Cassi – O que não te contaram… ainda – por Cristiana Garbinatto

Olá, colegas!

Resolvi fazer esse texto para que vocês tenham todas as informações necessárias sobre o déficit da Cassi e possam fazer uma boa escolha na votação que inicia amanhã, dia 11 de novembro.

A Cassi acumula déficits mensais há muito tempo. Uma mesa de negociação foi criada com as entidades representativas dos funcionários (da ativa e aposentados) e o Banco do Brasil há 20 MESES para discutir uma proposta  a fim de resolver o problema.

Na Conferência Nacional dos Funcionários do BB, realizada em junho de 2016, propusemos a criação de um Calendário de Luta Nacional pela Cassi, com o objetivo de pressionar o Banco por uma proposta coerente e informarmos os funcionários sobre o que estava acontecendo nas finanças da Cassi. Entretanto, a direção majoritária do movimento sindical rejeitou a sugestão.
Em setembro de 2016, antes da campanha salarial, o Banco apresentou a proposta que estamos apreciando agora. Na época, o rombo mensal da Cassi estava em torno de R$ 40 milhões. Nesse interim, como a situação estava calamitosa, o Banco ofereceu um EMPRÉSTIMO à Cassi de R$ 60 milhões, que foi contratado em agência bancária com juros.
Feito essa contextualização, vamos aos fatos:
1) A Cassi foi criada há 72 anos. O Presidente da Cassi e o Diretor Administrativo e Financeiro são indicados pelo Banco do Brasil. Portanto, há mais de 70 anos o BB administra financeiramente a Cassi.
2) O déficit de Julho foi de R$ 49,1 milhões, já em agosto chegou a R$ 69,9 milhões. As medidas de aporte da atual proposta totalizam R$40 milhões. Portanto, mesmo aprovando a proposta, não resolveremos os problemas, os descredenciamentos e a eterna ameaça à perenidade da Cassi.
3) Estamos ouvindo que é urgente aceitar a proposta do BB ou ficaremos sem plano de saúde. Para responder estas questões tenho dois pontos que considero relevantes:
a. Planos de saúde não podem simplesmente fechar. A legislação brasileira não permite. Ele sofrerá a intervenção da ANS (Agencia Nacional de Saúde) antes disso. Vocês já imaginaram a desmoralização do Banco, como instituição financeira, ao sair na mídia que ele é incapaz de gerir financeiramente o plano de saúde dos funcionários?

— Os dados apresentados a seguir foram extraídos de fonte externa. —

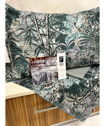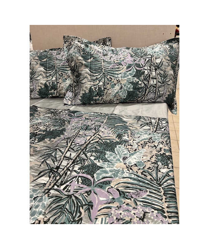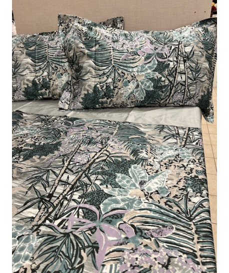 Completo lenzuola copriletto Brasilia Reveer lenzuolo sopra stapato con ribaltina colorata sotto con angoli in tinta unita il tutto relizzato con raso di cotone300 fili di alta qualit lenzuolo con angoli 180x200+28 lenzuolo sopra 250x290 federe con 3 volant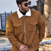 Мужская куртка из джинсового материала с воробьинкой, из флокса, с отложным мехомМужская куртка из джинсового материала с воробьинкой, из флокса, с отложным мехом
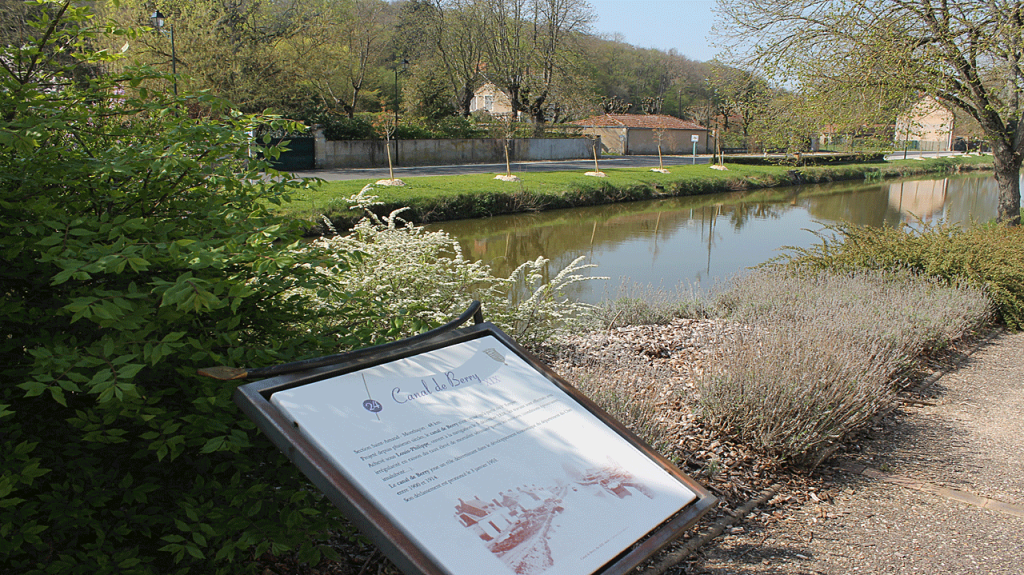 Entre la Route de Montluçon jusqu’à la Croix Flambard il y a des choses intéressantes à découvrir, à connaître. Tout de suite, la signalétique touristique qui décrit l’histoire de la navigation à partir de l’endroit où cette signalétique a été placée. Mais elle se trouve de l’autre côté de la berge, qui n’est donc pas dans le sens du parcours sur lequel nous nous trouvons en ce moment.

b. Fomos contratados pelo BB com o direito a plano de saúde. Caso a Cassi “acabe” (como dizem os alarmistas) NÃO IREMOS PARA O SUS!

RESUMINDO:

A situação está calamitosa. Mas essa proposta não resolverá o problema nem nos próximos meses. Imaginem até 2019.
Cada um de vocês é capaz de compreender as entrelinhas  do quê está sendo proposto antes de tomar a decisão com base em fatos.
Decidindo pelo “SIM”, deve estar consciente de que a proposta não resolve o déficit da Cassi. Os funcionários pagarão 1% do salário bruto para o plano de saúde. Entendam isso como uma doação. Quem deseja doar 1% do salário para a Cassi? Muito louvável: votem SIM e sigam acompanhando as finanças.
DECIDINDO pelo “NÃO”, voltaremos às negociações. Se o Banco não apresentar proposta, acontecerá uma intervenção da ANS. Isso é ruim. Mas não é ruim só para nós. É PÉSSIMO para a imagem do Banco do Brasil.

De qualquer maneira, se queremos salvar a Cassi, teremos que nos mobilizar. Pode ser HOJE ou no futuro MUITO próximo.

Acompanhe os blogs dos eleitos da Cassi, cada um tem uma opinião diferente sobre qual o deve ser o seu voto, mas têm em comum que a proposta é INSUFICIENTE:
– Blog da “Cassi é Sua” (últimos eleitos – oposição bancária)
http://www.oposicaonacassi.com.br

– Blog do Diretor William (apoiado pela Contraf/CUT)
http://categoriabancaria.blogspot.com.brNão serão os eleitos, a Cassi, o movimento sindical, as entidades, nem o Banco do Brasil que decidirá sobre essa proposta: SERÁ VOCÊ! Informe-se!!!

Grande abraço,

Cristiana Garbinatto
Diretora Executiva
FETRAFI-RS
P.S: Se interessar a alguém, meu voto é NÃO. Por uma proposta que REALMENTE salve a Cassi.